(The data begins)

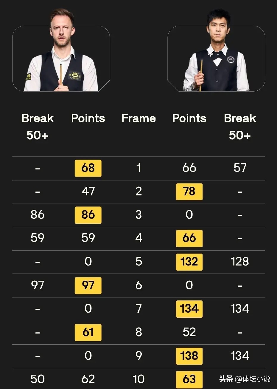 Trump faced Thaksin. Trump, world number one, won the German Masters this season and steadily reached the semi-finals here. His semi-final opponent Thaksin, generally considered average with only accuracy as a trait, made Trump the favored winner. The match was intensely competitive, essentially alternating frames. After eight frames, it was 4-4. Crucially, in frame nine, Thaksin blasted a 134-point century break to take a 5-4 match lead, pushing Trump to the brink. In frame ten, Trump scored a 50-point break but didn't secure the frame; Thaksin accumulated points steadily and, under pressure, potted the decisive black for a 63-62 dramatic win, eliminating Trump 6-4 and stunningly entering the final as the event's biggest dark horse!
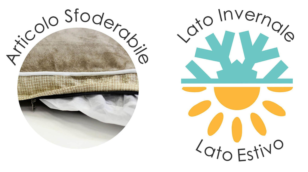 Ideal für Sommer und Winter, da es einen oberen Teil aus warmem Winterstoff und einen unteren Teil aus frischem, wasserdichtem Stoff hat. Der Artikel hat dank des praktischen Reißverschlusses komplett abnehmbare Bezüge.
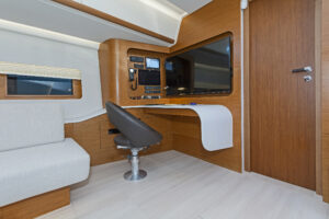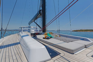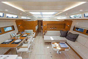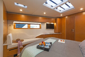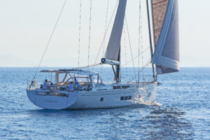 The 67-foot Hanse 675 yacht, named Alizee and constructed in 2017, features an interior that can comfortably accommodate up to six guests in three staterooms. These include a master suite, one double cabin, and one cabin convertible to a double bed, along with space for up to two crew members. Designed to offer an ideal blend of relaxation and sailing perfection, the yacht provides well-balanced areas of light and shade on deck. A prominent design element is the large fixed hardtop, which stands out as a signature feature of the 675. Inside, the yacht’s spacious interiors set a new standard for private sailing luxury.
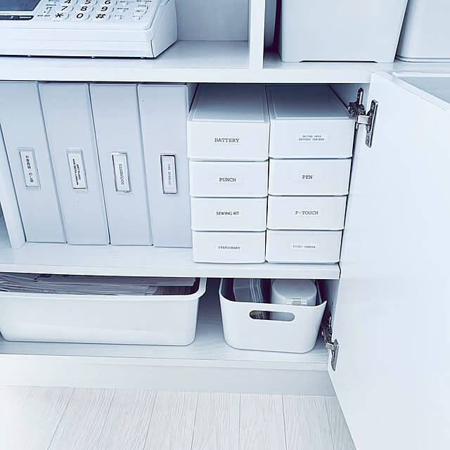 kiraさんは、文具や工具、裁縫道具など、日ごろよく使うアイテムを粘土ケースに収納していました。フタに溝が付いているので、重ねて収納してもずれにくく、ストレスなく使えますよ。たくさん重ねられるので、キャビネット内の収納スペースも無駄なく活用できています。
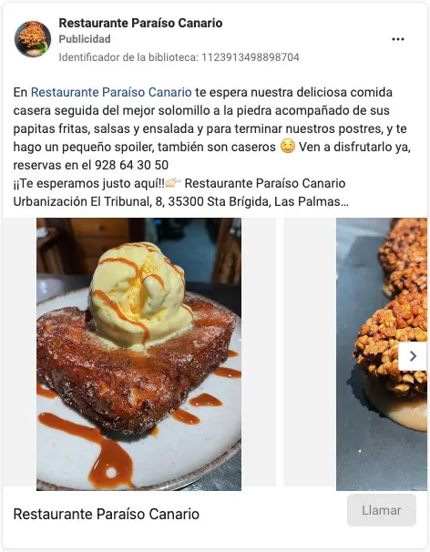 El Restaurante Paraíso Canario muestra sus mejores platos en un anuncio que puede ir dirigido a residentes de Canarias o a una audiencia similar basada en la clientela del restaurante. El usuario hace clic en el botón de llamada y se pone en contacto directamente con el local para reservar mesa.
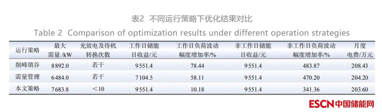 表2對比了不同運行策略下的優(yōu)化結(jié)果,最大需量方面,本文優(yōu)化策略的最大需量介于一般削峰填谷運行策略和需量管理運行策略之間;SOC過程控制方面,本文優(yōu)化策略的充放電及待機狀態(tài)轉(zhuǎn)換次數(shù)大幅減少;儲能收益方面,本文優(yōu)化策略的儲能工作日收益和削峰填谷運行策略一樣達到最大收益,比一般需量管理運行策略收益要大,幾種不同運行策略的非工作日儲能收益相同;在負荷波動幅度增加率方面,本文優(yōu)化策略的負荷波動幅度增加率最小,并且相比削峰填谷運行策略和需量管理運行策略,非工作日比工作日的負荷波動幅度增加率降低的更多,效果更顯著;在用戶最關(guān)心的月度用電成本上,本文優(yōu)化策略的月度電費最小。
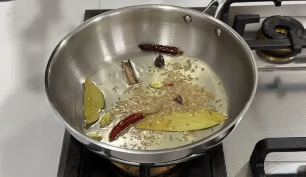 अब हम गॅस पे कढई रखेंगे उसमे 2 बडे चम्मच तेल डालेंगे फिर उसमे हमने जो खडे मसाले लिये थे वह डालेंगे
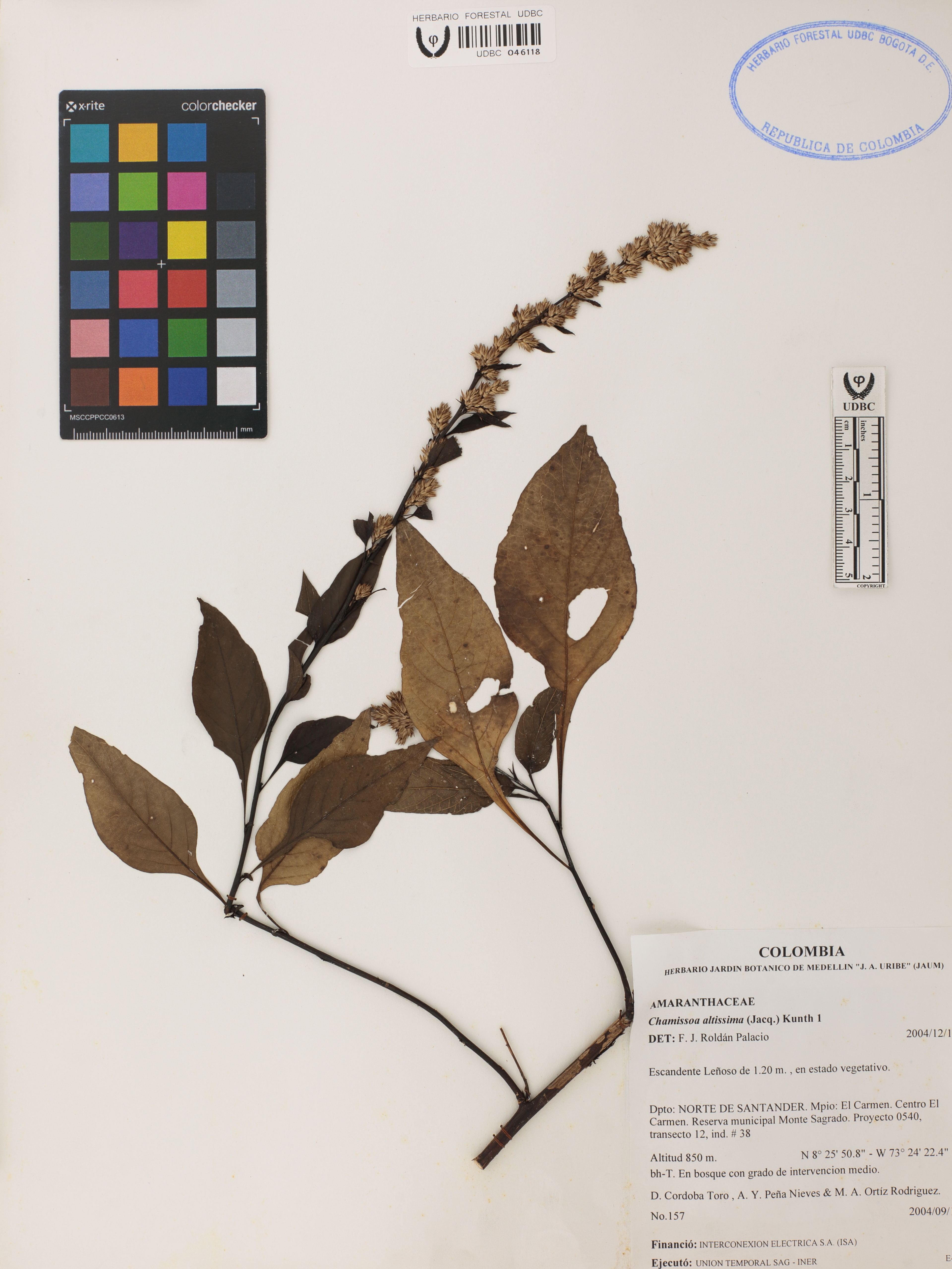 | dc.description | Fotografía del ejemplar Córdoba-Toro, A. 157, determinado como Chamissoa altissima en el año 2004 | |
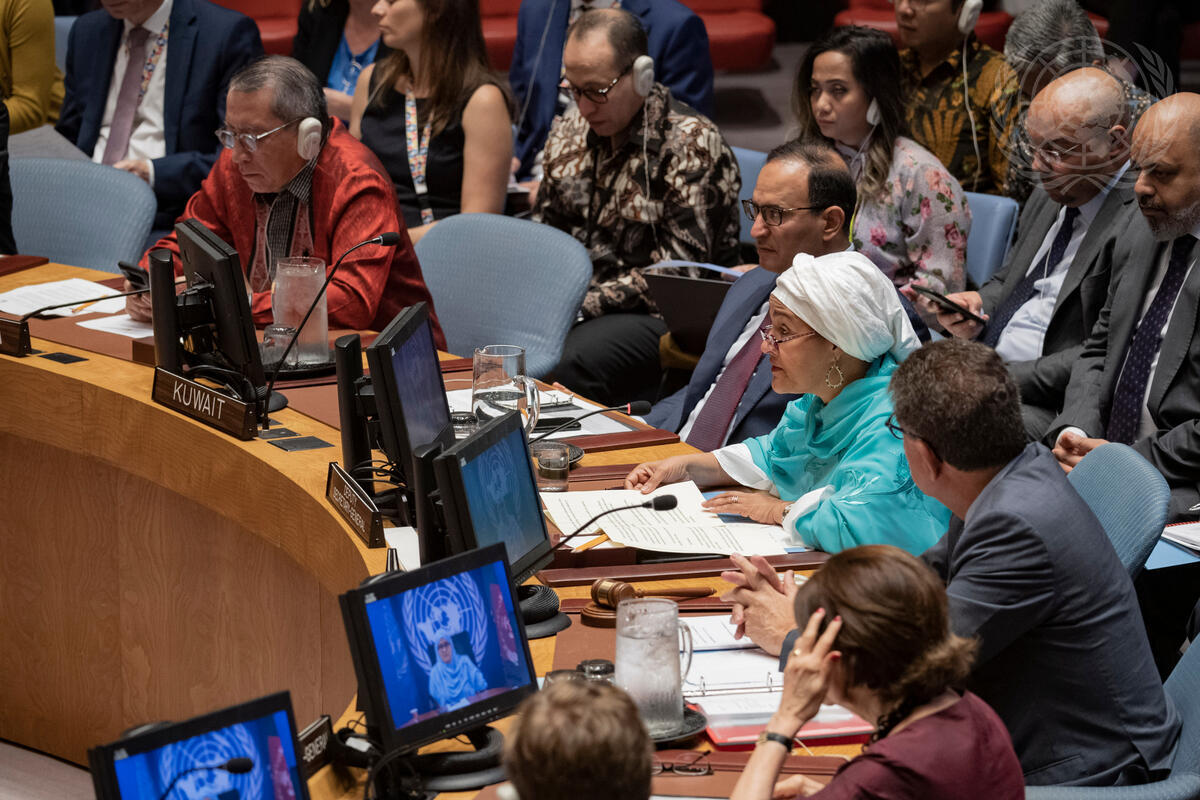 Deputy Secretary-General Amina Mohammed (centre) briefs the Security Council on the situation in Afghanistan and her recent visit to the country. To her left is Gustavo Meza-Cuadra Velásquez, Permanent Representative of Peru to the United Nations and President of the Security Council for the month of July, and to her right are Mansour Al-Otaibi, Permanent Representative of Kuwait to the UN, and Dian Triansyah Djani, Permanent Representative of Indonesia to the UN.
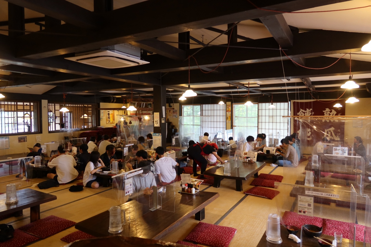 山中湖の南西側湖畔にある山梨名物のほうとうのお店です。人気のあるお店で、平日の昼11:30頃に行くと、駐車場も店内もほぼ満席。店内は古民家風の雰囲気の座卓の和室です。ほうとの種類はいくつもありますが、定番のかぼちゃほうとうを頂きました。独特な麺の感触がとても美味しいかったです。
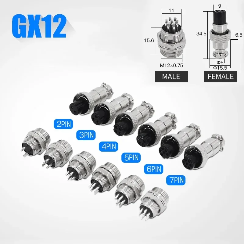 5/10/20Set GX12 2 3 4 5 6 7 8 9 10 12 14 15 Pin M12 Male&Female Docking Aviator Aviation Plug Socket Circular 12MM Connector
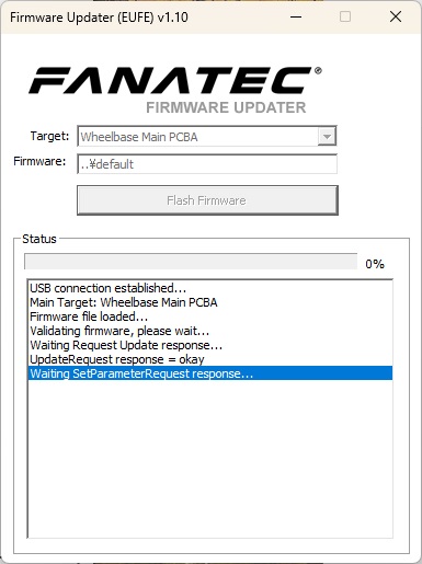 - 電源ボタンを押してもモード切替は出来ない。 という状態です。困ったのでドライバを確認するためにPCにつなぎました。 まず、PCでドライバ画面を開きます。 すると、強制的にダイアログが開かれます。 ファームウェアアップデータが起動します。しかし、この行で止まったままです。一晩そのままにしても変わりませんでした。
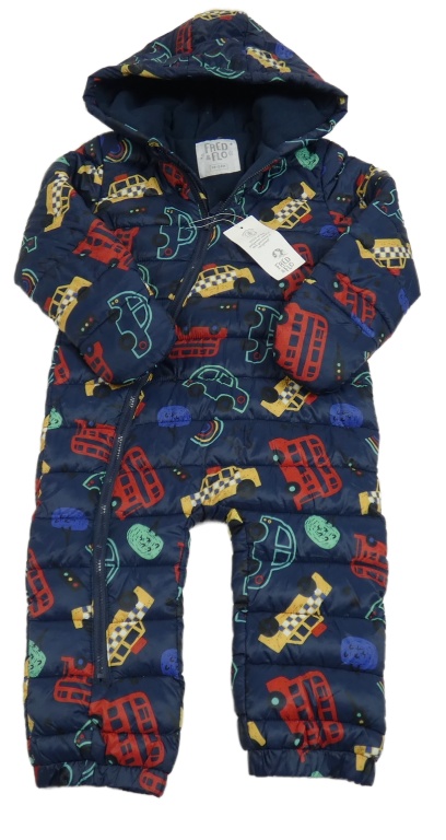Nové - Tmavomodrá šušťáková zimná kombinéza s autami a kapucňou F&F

(The data ends)

What the exercise asks
Set down exactly the lines running from the beginning of the entries above to the line that contains "kiraさんは、文具や工具、", including both, and leave out pictures.

Your response
 Trump faced Thaksin. Trump, world number one, won the German Masters this season and steadily reached the semi-finals here. His semi-final opponent Thaksin, generally considered average with only accuracy as a trait, made Trump the favored winner. The match was intensely competitive, essentially alternating frames. After eight frames, it was 4-4. Crucially, in frame nine, Thaksin blasted a 134-point century break to take a 5-4 match lead, pushing Trump to the brink. In frame ten, Trump scored a 50-point break but didn't secure the frame; Thaksin accumulated points steadily and, under pressure, potted the decisive black for a 63-62 dramatic win, eliminating Trump 6-4 and stunningly entering the final as the event's biggest dark horse!
 Ideal für Sommer und Winter, da es einen oberen Teil aus warmem Winterstoff und einen unteren Teil aus frischem, wasserdichtem Stoff hat. Der Artikel hat dank des praktischen Reißverschlusses komplett abnehmbare Bezüge.
 The 67-foot Hanse 675 yacht, named Alizee and constructed in 2017, features an interior that can comfortably accommodate up to six guests in three staterooms. These include a master suite, one double cabin, and one cabin convertible to a double bed, along with space for up to two crew members. Designed to offer an ideal blend of relaxation and sailing perfection, the yacht provides well-balanced areas of light and shade on deck. A prominent design element is the large fixed hardtop, which stands out as a signature feature of the 675. Inside, the yacht’s spacious interiors set a new standard for private sailing luxury.
 kiraさんは、文具や工具、裁縫道具など、日ごろよく使うアイテムを粘土ケースに収納していました。フタに溝が付いているので、重ねて収納してもずれにくく、ストレスなく使えますよ。たくさん重ねられるので、キャビネット内の収納スペースも無駄なく活用できています。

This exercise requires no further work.